We all know that one family member when the holidays come they can’t wait to explode on the clan with their politics. In the age of 24-hour news hysteria and no shortage of nutty right-wingers polluting radio waves and podcasts with fear and paranoia, it’s no surprise to find a few within your flock that like to pose watercooler conversations of how immigrants are raping us all and that the Democrats plan to arrest you for misgendering. Director Jen Senko has one of those raging dads and decided to take aim at his influences and see if it was possible to change him from a cold-hearted Republican back to the Democrat he once was. An interesting experiment, even if it doesn’t care to answer the larger question of news influences in general.

Jen’s father is a typical case. He used to favor the Democrats, though he wasn’t a very political person. And then around the time that Fox News started to become a powerful media player, he made a sudden transformation into the stereotypical Republican fanatic that despised Democrats and believed that Obama was the devil. Curious as to how this change in character came about, Jen takes a dive into what may have influenced him. She delves into how Roger Ailes worked with the GOP for an overtaking of the media, the 1971 Powell Memo that tied business influencing institutions of public opinion, and the 1987 dismantling of the Fairness Doctrine among other aspects. Much listening of Fox News and conservative talk radio was done to gain a perspective of what breeds the Republican fanatic.

While Jen’s documentary shines a unique light on the influence of media, it mostly relegates itself to the GOP influence and a questioning of fairness in the media but to a limited to level. Her film isn’t the first to craft this expose and most of this is just review for those not bound by the conservative news dogma. But there feels like a missing edge to make this film more than just a piece on the Democratic deprogramming of the right-wing fanatics. Yes, the whole “fair and balanced” tagline is a lie but it's a lie where the very line itself is a faulty one, a fool’s goal to attain. I have to wonder if Jen is aware of how this aspect plays a hefty part in the political pull of the media while she swings the pendulum of her dad’s political leanings.

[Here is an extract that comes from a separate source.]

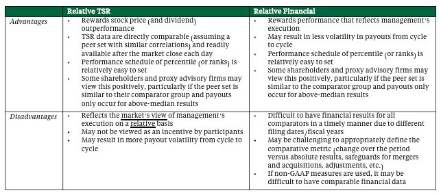 In reviewing the structure and role of relative performance measures, if any, companies should evaluate their response to the five questions below.
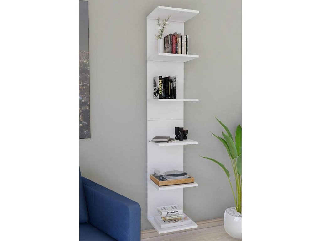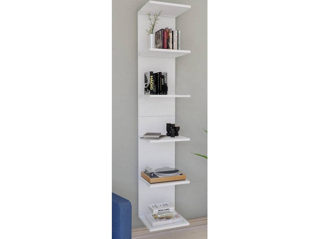 Regál Lazas je moderní otevřená polička určená k montáži na stěnu. Díky minimalistickému provedení bez bočních stěn působí mimořádně elegantně a dodá každému interiéru jedinečný charakter. Díky pěti prostorným přihrádkám je ideální jako police na knihy na zeď, ale také jako stylové poličky na zeď pro dekorace, rostliny či sběratelské předměty. Stabilní zadní stěna zajišťuje bezpečné upevnění na zeď a dlouhou životnost.

Perhaps it’s a little more than that. Maybe Jen just wants her pop to quit with the rhetoric at the dinner table and that flying up his old liberal flag is the only way to keep the dinner table conversations less awkward. But in the molding of trying to decipher the source of her father’s frothing with hate, the grander goal of trying to target and expose conservative media comes off far too standard, nearly as filler for the more interesting subject of the swaying family opinions. Maybe she felt this dissection was necessary to avoid the piece becoming a mere propaganda piece for the Democratic party, the same way conservative Christians often spin soapy tales of turning to the light amid Christianity paranoia. This further developed aspect could’ve made for an interesting film but it would’ve also brought a colder light to how one father’s opinion seems to be only be bound by what the media spouts at him and little else.

A bigger film would take a harsher lens at the massive can of worm in the fairness of media and the influence it wields with a chilling tone to the political struggle. This is not that film. This is merely Jen Senko’s attempt of a home movie to make her dad a little less furious at them dang liberals come Thanksgiving time. And in that aspect, it’s an interesting experiment, if not a very profound documentary.